Sugar Scandal: In Africa, Nestlé is Still Putting Profit Ahead of Babies’ Health
November 18, 2025 | Source: Public Eye | by Zurich, Lausanne
This latest investigation follows in the wake of our revelations in 2024, which highlighted Nestlé’s scandalous double standard. In collaboration with African civil society organisations, Public Eye commissioned an analysis in a reference laboratory of around one hundred Cerelac infant cereals that are sold in 20 countries on the continent. The results show that over 90% of these products for babies from six months onwards contain added sugar – on average, close to six grammes per serving, or the equivalent of one and a half sugar cubes. This is 50% more than the average found during our initial investigation which focused primarily on Asia and Latin America, and twice as much as the level detected in India, the world’s biggest market for Cerelac. The highest value found in Africa was 7.5 grammes per serving in a product sold in Kenya. In Switzerland and in the main European markets, such products are sold without added sugar.
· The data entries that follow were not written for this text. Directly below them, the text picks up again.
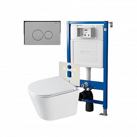 Комплект унитаза с инсталляцией Point Элемент PN48305SB с сиденьем МикролифтСет: Система инсталляции Point Элемент для подвесного унитаза PN45120 + Клавиша смыва для инсталляции Point Виктория, нержавеющая сталь, сталь брашированная, PN44061SB + Унитаз подвесной Point Венера безободковый, белый, сиденье дюропласт микролифт быстросъемное PN41071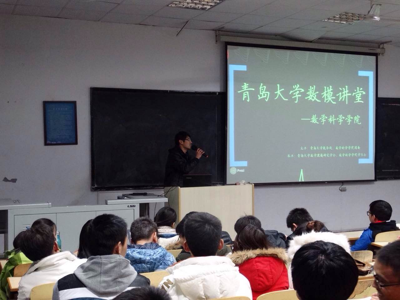 12月5日,由校教务处及数学科学学院联合主办的数模讲堂于19:00在博学楼103教室准时开讲。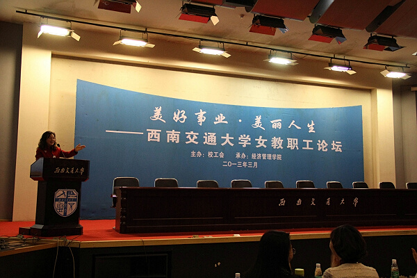 3月14日下午两点半由西南交大校工会主办的“美好事业、美丽人生”正妹av 女教职工论坛在九里校区网络学院国际会议厅隆重举行。本次论坛高朋满座,嘉宾有四川省教科文卫工会李维琴副主席,省工会女职工部徐真彦副部长,正妹av 校党委书记顾利亚教授、校长陈春阳教授、党委副书记朱健梅教授、副校长冯晓云教授,以及校工会罗乾超主席。本次正妹av 出席的有王英、何朝晖、甘萍等十多位老师。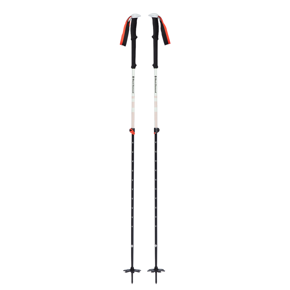 A versatile four-season pole for skiing, hiking and hauling loads to advanced base camp, the Black Diamond Expedition 3 features dual FlickLocks for a full range of adjustability. This pole fits in your duffle when it's time to lug your gear to the airport, and the updated foam grip adds comfort while the new soft touch, dual density grip-top grabs bindings and buckles with ease for quick adjustments. The Expedition 3 comes with powder baskets, so you can switch them out to match the season and the trip, and the new vari-width strap adds comfort and adjustability while moving through terrain.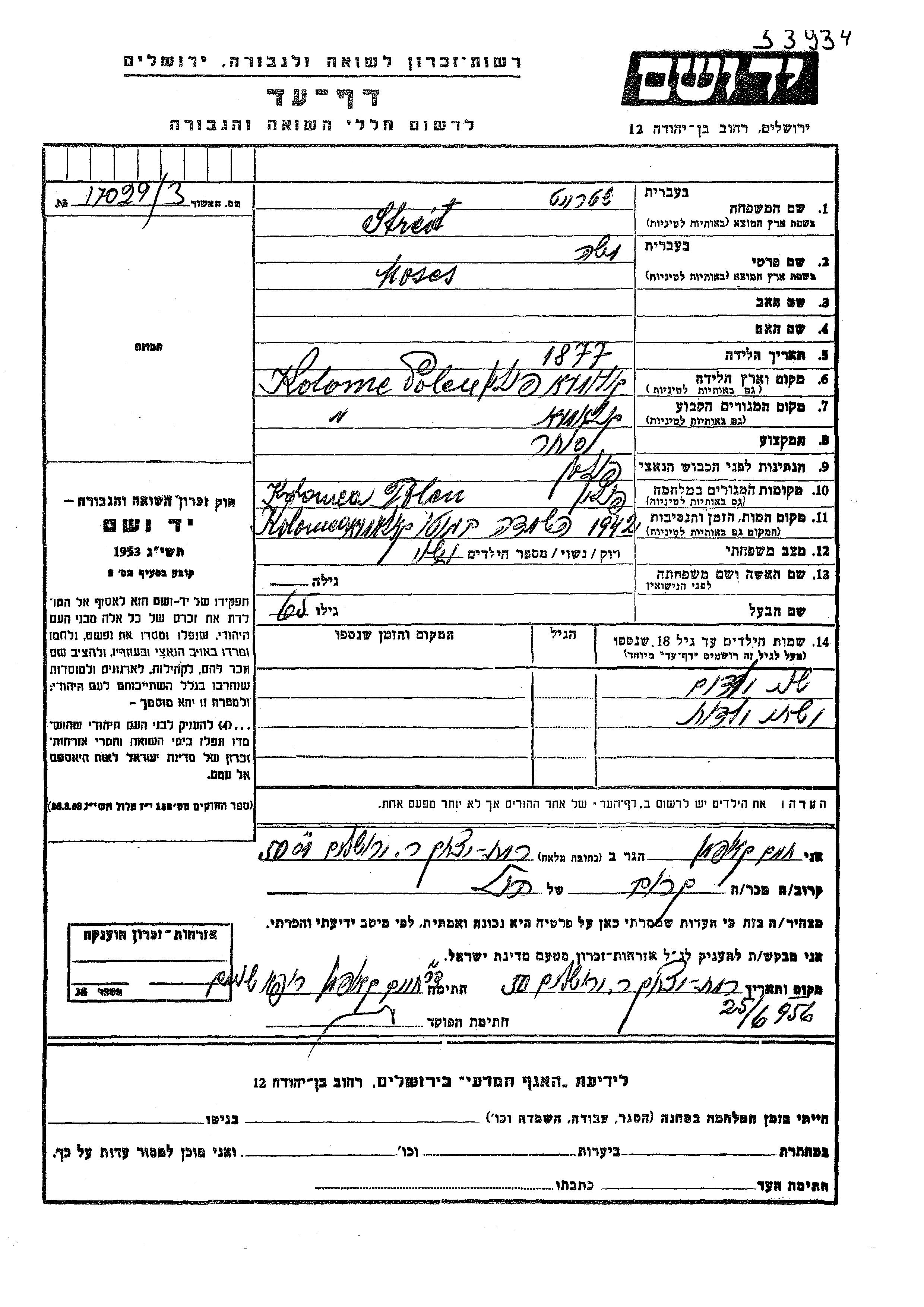 Moses Streit wurde im Jahr 1877 in Kolomyja, Polen geboren. Er war Kaufmann/-frau und Verheiratet. Vor dem Zweiten Weltkrieg lebte er in Kolomea, Polen. Während des Krieges war er in Kolomyja, Polen.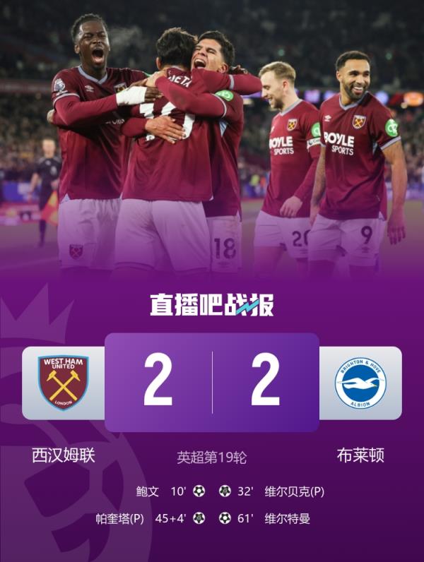 西汉姆2-2布莱顿,此役后铁锤帮八轮不胜仍处降级区。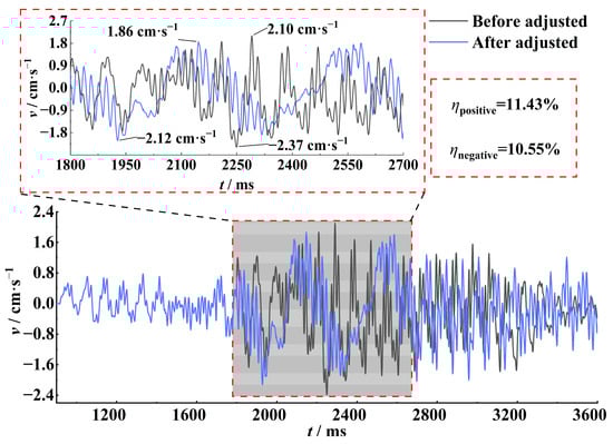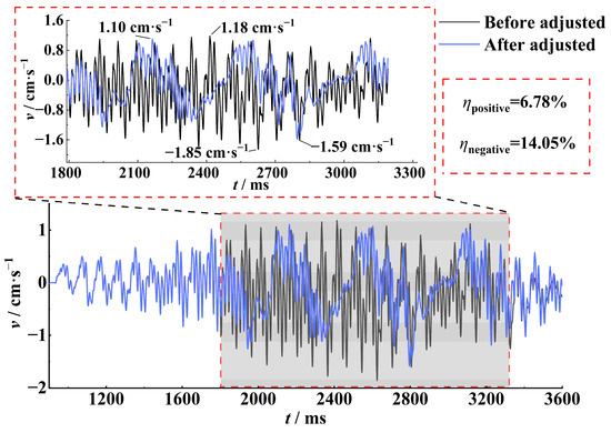 Figure 11 illustrates the number of wave arrivals at monitoring point B1 within each time period after the adjustment. It can be observed that the maximum number of simultaneous wave arrivals at the monitoring point is reduced to three. The reconstructed single-hole vibration curves are superimposed according to the adjusted arrival times to obtain the predicted multi-hole vibration curve, which is then compared with the pre-adjustment predicted vibration curve, as shown in Figure 12. The fixed time intervals for the arrival times of blast holes #109 and #163 start at 1800 ms and 2120 ms, respectively. To separate the four and five simultaneous wave arrivals, additional delays of 150 ms and 200 ms were applied. Given the single-hole vibration curve length of 200 ms, the predicted vibration curve within the range of 1800 ms to 2670 ms is extracted. Beyond 2670 ms, the amplitude of the multi-hole vibration curve is unaffected by the adjusted blast holes, and the original vibration curve is shifted backward by 350 ms. Within this time range, the peak positive vibration velocity before adjustment was 2.10 cm·s−1, which decreased to 1.86 cm·s−1 after adjustment, with a reduction rate of 11.43%. The peak negative vibration velocity before adjustment was −2.37 cm·s−1, and it decreased to −2.12 cm·s−1 after adjustment, with a reduction rate of 10.55%. The root mean square (RMS) value of the vibration wave reflects the energy of the signal and is an important indicator for measuring the signal strength. The RMS values before and after adjustment were 0.84 cm·s−1 and 0.69 cm·s−1 respectively, representing a decrease of 17.86% compared with the value before adjustment.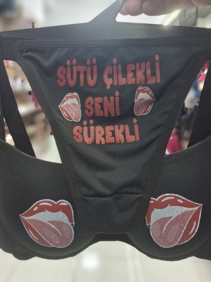 Kırmızı, parlak baskılı yazılar ve dudak desenleriyle biker tarzı, midi uzunlukta kadın iç çamaşırı. Grunge punk havası taşıyor.

In India, where our revelations caused a wave of indignation, the food giant announced it was launching 14 new Cerelac products without any added sugar. But in Africa and other low- or middle-income countries, Nestlé continues to add sugar to most of its products, in violation of the World Health Organization’s guidelines. Obesity – including Childhood obesity – is advancing at an alarming rate on the African continent, and numerous countries are facing a double burden of malnutrition where delayed growth, underweight and obesity co-exist.